-- DATASET EXTRACT --
*-*-*

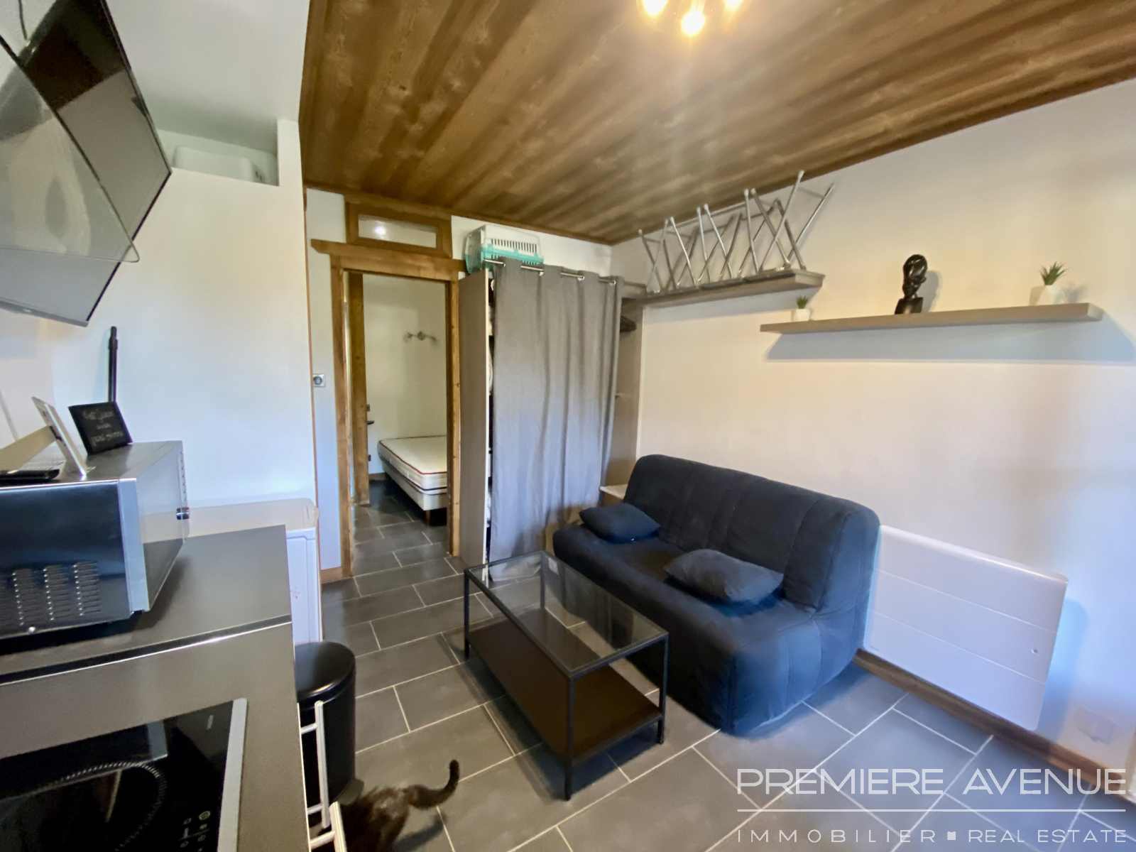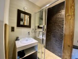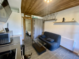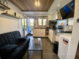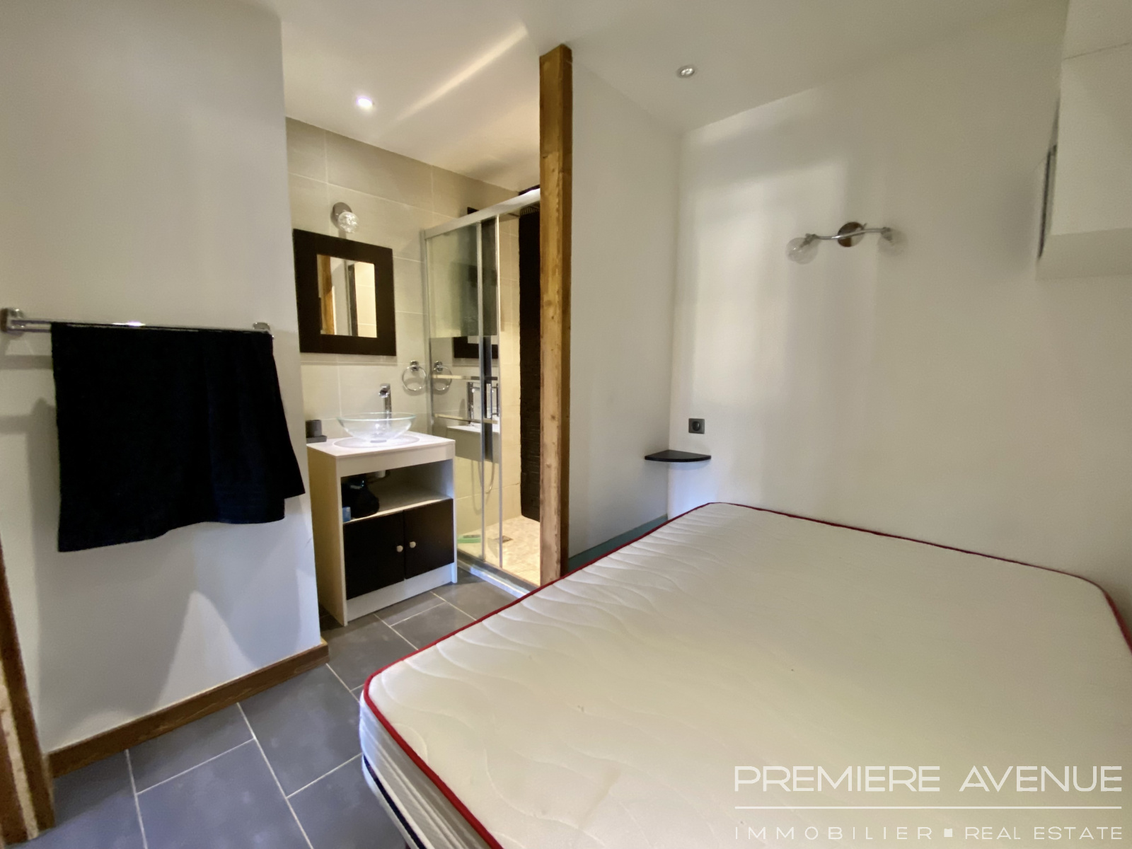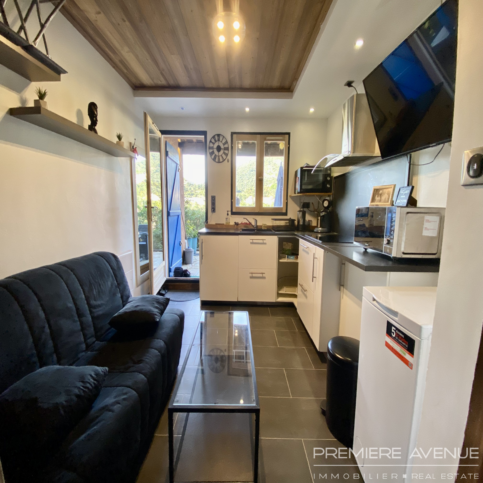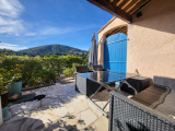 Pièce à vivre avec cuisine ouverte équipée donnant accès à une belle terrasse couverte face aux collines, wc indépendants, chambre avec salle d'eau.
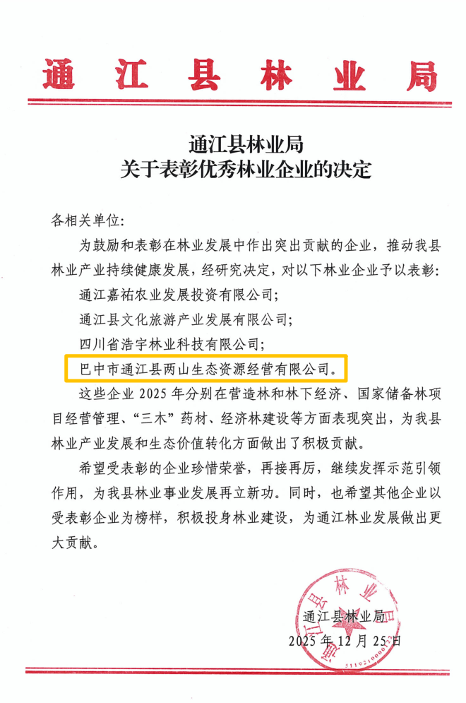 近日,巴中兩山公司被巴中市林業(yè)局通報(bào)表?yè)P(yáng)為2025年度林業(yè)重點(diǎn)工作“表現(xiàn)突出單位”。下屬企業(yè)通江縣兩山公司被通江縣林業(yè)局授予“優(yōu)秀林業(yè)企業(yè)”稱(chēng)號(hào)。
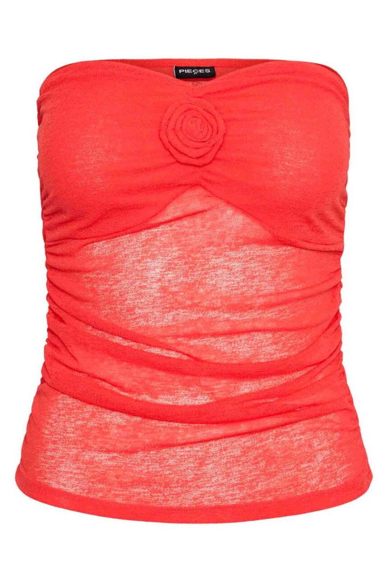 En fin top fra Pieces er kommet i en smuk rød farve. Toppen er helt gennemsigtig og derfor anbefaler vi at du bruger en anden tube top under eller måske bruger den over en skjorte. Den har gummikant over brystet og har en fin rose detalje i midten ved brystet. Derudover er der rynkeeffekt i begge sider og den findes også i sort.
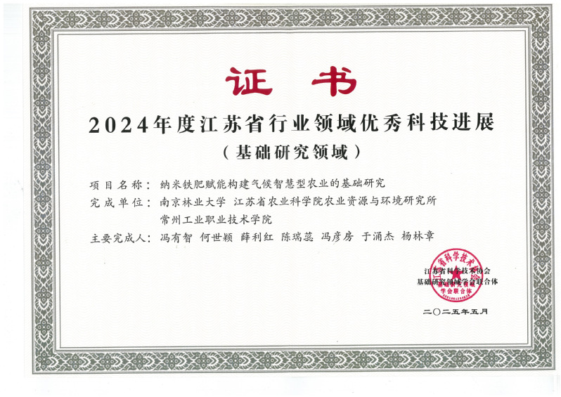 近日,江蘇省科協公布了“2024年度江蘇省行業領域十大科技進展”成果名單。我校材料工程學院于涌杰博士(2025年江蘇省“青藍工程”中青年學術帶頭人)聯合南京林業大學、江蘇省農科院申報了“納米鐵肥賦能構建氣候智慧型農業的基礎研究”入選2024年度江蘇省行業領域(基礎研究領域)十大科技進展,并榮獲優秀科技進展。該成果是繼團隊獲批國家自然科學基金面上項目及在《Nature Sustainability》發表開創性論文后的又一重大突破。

*-*-*

Locate the line containing "En fin top fra" in the material above, then repeat it and every later line exactly, with no pictures.

-- EXERCISE RESPONSE --
 En fin top fra Pieces er kommet i en smuk rød farve. Toppen er helt gennemsigtig og derfor anbefaler vi at du bruger en anden tube top under eller måske bruger den over en skjorte. Den har gummikant over brystet og har en fin rose detalje i midten ved brystet. Derudover er der rynkeeffekt i begge sider og den findes også i sort.
 近日,江蘇省科協公布了“2024年度江蘇省行業領域十大科技進展”成果名單。我校材料工程學院于涌杰博士(2025年江蘇省“青藍工程”中青年學術帶頭人)聯合南京林業大學、江蘇省農科院申報了“納米鐵肥賦能構建氣候智慧型農業的基礎研究”入選2024年度江蘇省行業領域(基礎研究領域)十大科技進展,并榮獲優秀科技進展。該成果是繼團隊獲批國家自然科學基金面上項目及在《Nature Sustainability》發表開創性論文后的又一重大突破。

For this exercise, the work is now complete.